The re-identification device as described in claim 1, wherein the operation of calculating the visible scores of the key points corresponding to the first object image further includes: Determining a position of each of the key points in the first object image, wherein each of the key points corresponds to a part of the object; and Based on a plurality of pixels of the position of each of the key points in the first object image, calculating one of the visible scores corresponding to each of the key points.

A re-identification device as described in claim 1, wherein the key points include a plurality of facial key points and a plurality of body key points, and the visibility scores include a plurality of facial visibility scores corresponding to the facial key points and a plurality of body visibility scores corresponding to the body key points.

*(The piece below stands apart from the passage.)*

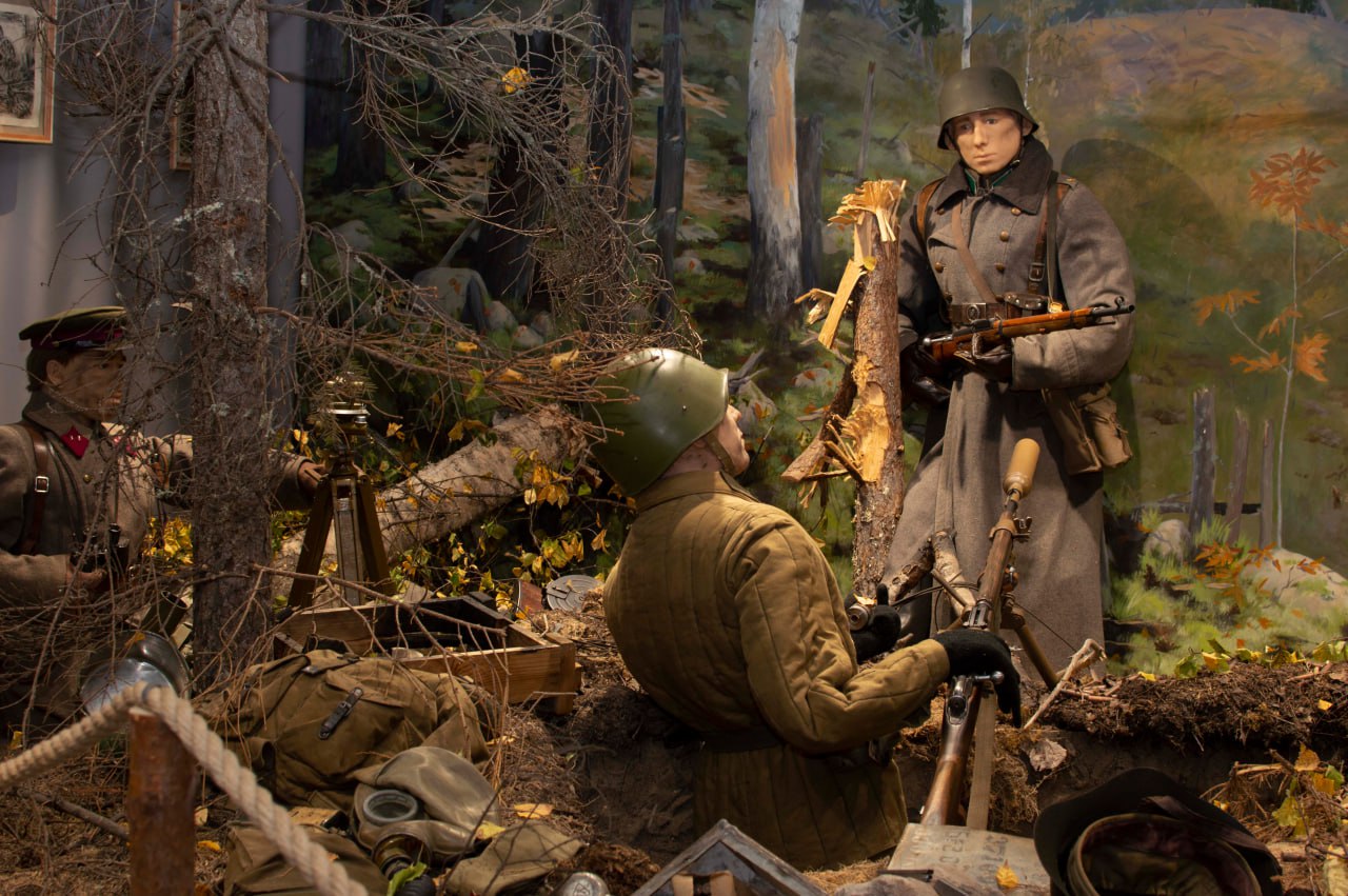 В ходе посещения центра ребята ознакомились с экспозицией, включающей архивные документы, фотоматериалы, образцы вооружения и обмундирования, а также личные вещи бойцов. Особое внимание было уделено экспозиции, посвященной героической обороне Карелии в годы Великой Отечественной войны.

The re-identification device as described in claim 1, wherein the operation of calculating the confidence score of the first object image corresponding to the object further includes: Based on the first object image, calculating a confidence score of the object included in the first object image as the confidence score.

The re-identification device as described in claim 1, wherein the re-identification step further includes: receiving an image to be identified, grouping the image to be identified into a first category of a plurality of identification categories; and based on the first category, outputting a plurality of identified images corresponding to the first category.

A re-identification method is applicable to an electronic device, wherein the electronic device includes a memory, and the re-identification method includes: Capturing a first object image corresponding to an object from a first input image; Based on the first object image, calculating a confidence score that the first object image corresponds to the object; Based on the first object image, calculating a plurality of visual scores of a plurality of key points corresponding to the first object image; Based on the confidence score of the first object image and the visual scores, determining whether to store a first image including the first object image in the memory as one of a plurality of images; and Based on the images stored in the memory, performing a re-identification step; The step of determining to store in the memory as one of the images further includes: Calculating a first total score based on the confidence score of the first object image and the visual scores; and In response to the first total score being greater than a threshold, storing the first object image in the memory.